What you should do:
Your answer must be an exact copy of the lines below, from the first through the one with "2025年4月7日,学工部党", with no pictures.

Source data:
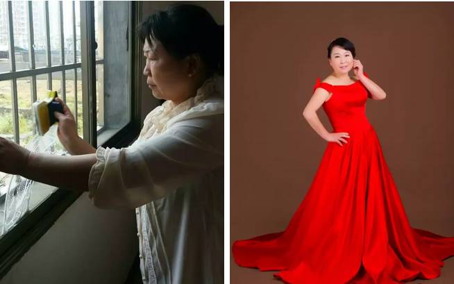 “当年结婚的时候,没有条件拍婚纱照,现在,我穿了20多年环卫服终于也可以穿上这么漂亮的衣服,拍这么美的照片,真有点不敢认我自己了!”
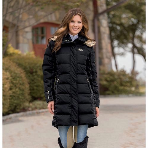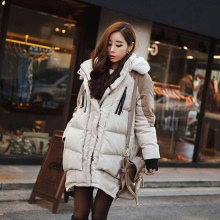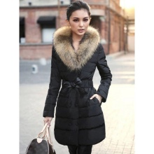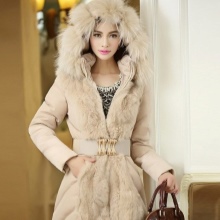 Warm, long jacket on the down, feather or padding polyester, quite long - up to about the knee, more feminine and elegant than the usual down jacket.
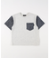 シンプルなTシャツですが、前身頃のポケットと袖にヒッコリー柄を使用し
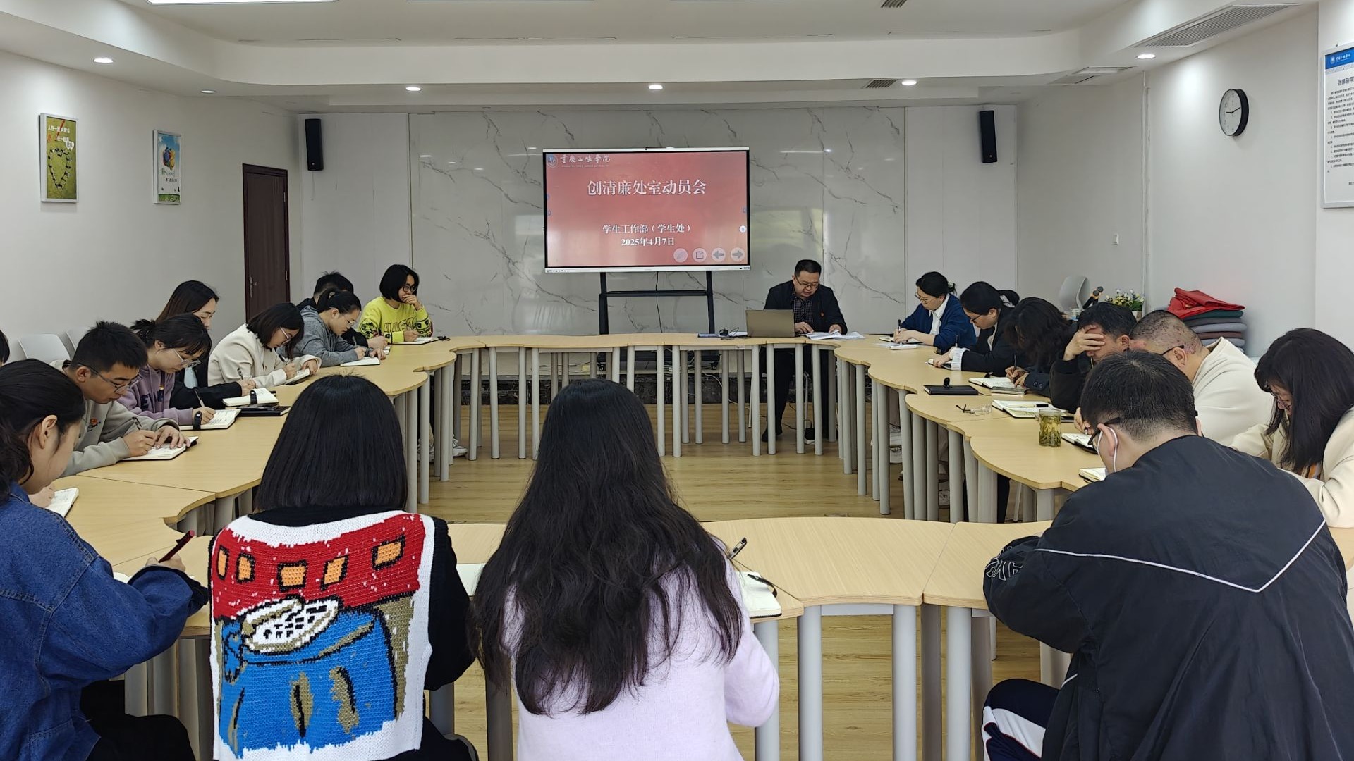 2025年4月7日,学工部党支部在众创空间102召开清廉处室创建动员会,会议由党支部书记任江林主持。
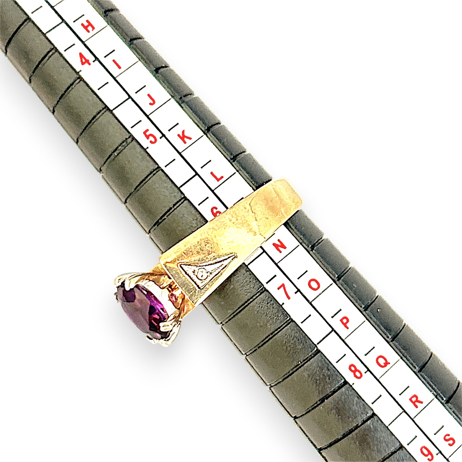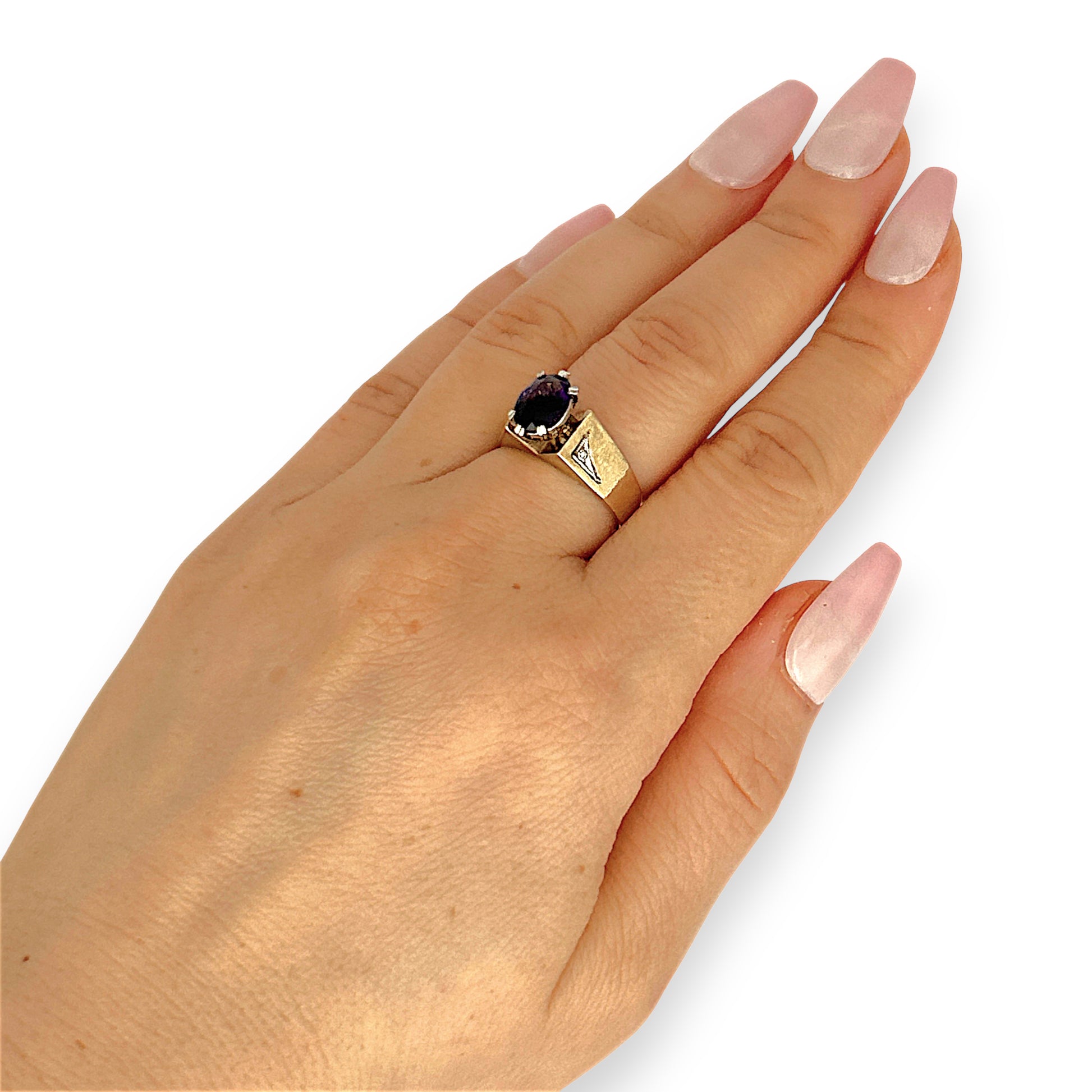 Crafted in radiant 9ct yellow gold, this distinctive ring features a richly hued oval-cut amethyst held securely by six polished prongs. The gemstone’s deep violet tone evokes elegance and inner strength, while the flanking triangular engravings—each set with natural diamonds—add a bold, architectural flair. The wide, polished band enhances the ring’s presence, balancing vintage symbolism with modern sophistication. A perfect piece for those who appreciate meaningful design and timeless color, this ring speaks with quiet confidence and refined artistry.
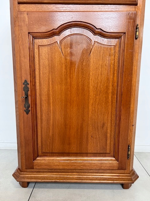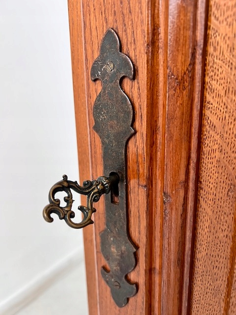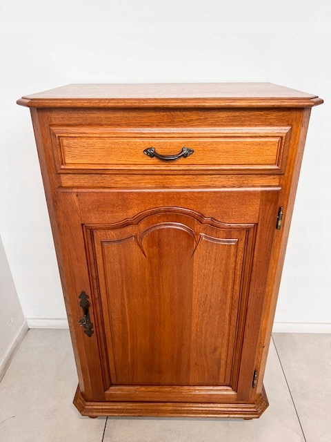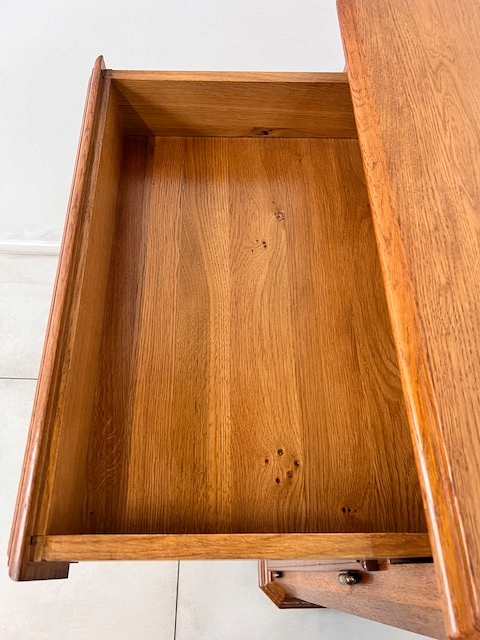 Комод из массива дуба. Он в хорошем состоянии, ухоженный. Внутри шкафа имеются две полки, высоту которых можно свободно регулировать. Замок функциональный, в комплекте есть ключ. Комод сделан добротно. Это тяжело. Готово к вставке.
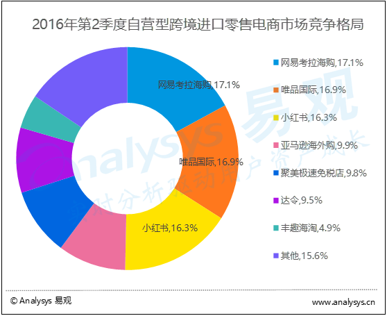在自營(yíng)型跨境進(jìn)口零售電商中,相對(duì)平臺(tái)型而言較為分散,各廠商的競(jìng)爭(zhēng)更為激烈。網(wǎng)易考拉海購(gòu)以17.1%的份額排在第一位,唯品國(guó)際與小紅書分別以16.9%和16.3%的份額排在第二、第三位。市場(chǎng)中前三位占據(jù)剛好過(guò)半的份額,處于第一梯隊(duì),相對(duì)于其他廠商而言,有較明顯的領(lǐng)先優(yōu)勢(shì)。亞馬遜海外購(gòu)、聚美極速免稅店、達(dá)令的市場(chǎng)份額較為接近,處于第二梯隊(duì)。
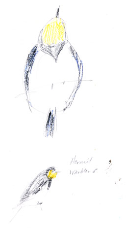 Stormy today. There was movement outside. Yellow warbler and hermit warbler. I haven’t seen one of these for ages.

Completed exercise:
 “当年结婚的时候,没有条件拍婚纱照,现在,我穿了20多年环卫服终于也可以穿上这么漂亮的衣服,拍这么美的照片,真有点不敢认我自己了!”
 Warm, long jacket on the down, feather or padding polyester, quite long - up to about the knee, more feminine and elegant than the usual down jacket.
 シンプルなTシャツですが、前身頃のポケットと袖にヒッコリー柄を使用し
 2025年4月7日,学工部党支部在众创空间102召开清廉处室创建动员会,会议由党支部书记任江林主持。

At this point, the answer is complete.